民主党の造反国会議員 で、何がしたいの?

 民主党の国会議員16人が、民主党会派からの離脱を表明。予算案に反対する可能性もあるという。党の運営や予算案に不満があるのは分かるが、不満をぶつけることは別のところでやってくれ、と言いたい。今の時期は、予算案をどう成立させるかを考えるべきで、予算が通らないことには地方自治体の予算だってままならない。国民の生活を第一に考えれば、今のこの時期にやってはならないことだ。造反して、国民の生活が具体的に何がどうよくなるのか。

 今回のことは、子どもが自分にかまってくれないから親を困られてやろうとプチ家出をしているような印象を受けた。会社だって同じこと。組織に所属している以上、自分の思いが全てかなうわけではない。自分の思うようにできなから仕事はしないぞ、会社にいないで近所の喫茶店にいるけど給料は頂戴、身分も保証してねと言っているようなものだ。大人がする行動ではない。

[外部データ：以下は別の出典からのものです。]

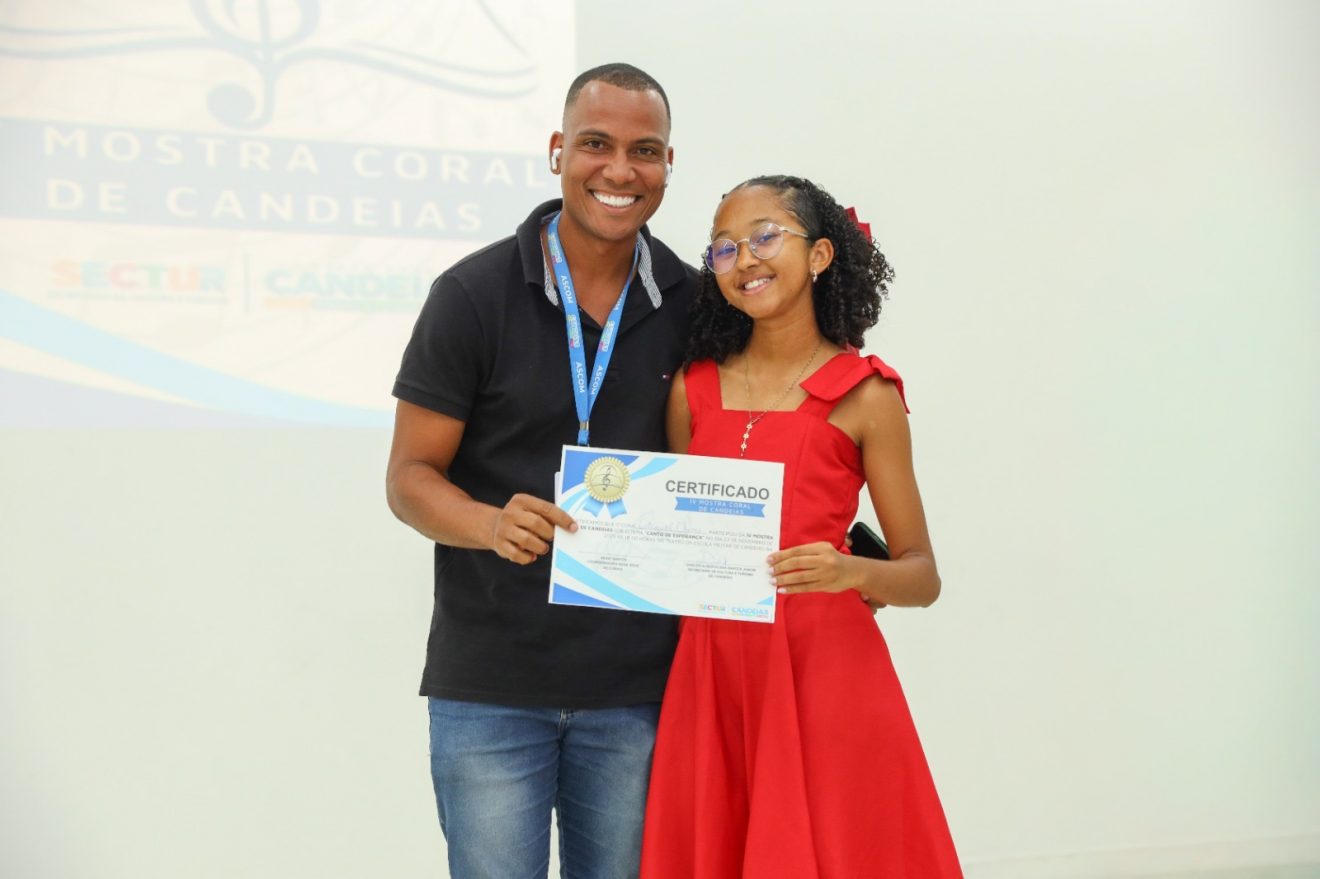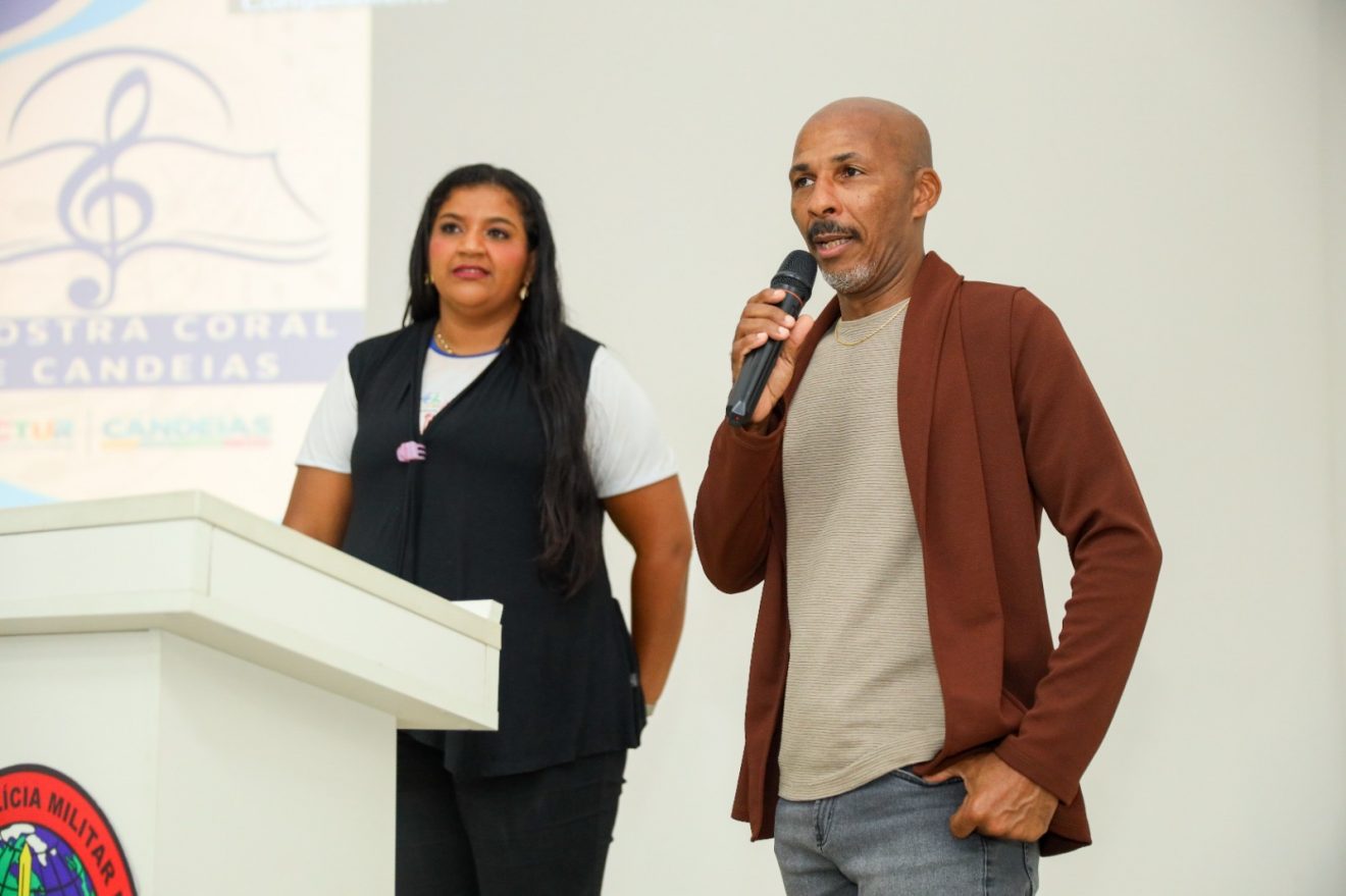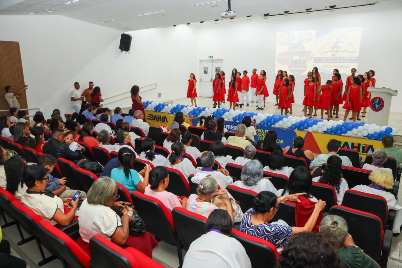 Sob a regência da professora Neide, o primeiro Coral a subir no palco foi o Municipal de Candeias, entoando canções clássicas da Música Popular Brasileira (MPB), a exemplo de “Ainda bem” (Marisa Monte) e “Primeiros erros” (Capital Inicial).

『民主党に吹いた追い風に乗って比例代表名簿順位の下位にいながら当選した「棚ぼた組」と呼ばれる議員ばかり。知名度アップや実績をつくる機会も与えられないまま、ハシゴを外されてたまらない。数の『力』を最大限に発揮できるのは今しかないと思うのは当然だろう』(JCAST テレビウオッチより)という理由で、いま刃向かえば再選の目もあるかもというのが本音だろうか。小沢元代表に忠誠を尽くすことに批判はしないが、誰のために政治をしているのか、する気があるのかを聞きたい。

 それにしても、政局と自分の保身ばかりが最近の国政だ。今回の造反を自ら仕掛けたと公言する元国会議員まで出てくる始末。そういう話は自慢するのではなく、棺おけの中にもっていくものだ。あまりの低レベルに唖然としてしまう。

 年度末の解散も現実味を帯びてきた。今の時期に解散することは国民生活を犠牲にする。それを分かっていて解散するのは勝手だが、その前に何を問う解散なのか。何が具体的にどのように良くなるのかを示すべきだ。解散したら自らの政党に有利だから、利権を取り戻せるからと言っているように思えてならない。今の日本はそんなことは二の次ではないのか。

 地方議会・議員は不要との批判は多いが、国会議員のほうが要らない、多過ぎとも思うのは私だけだろうか。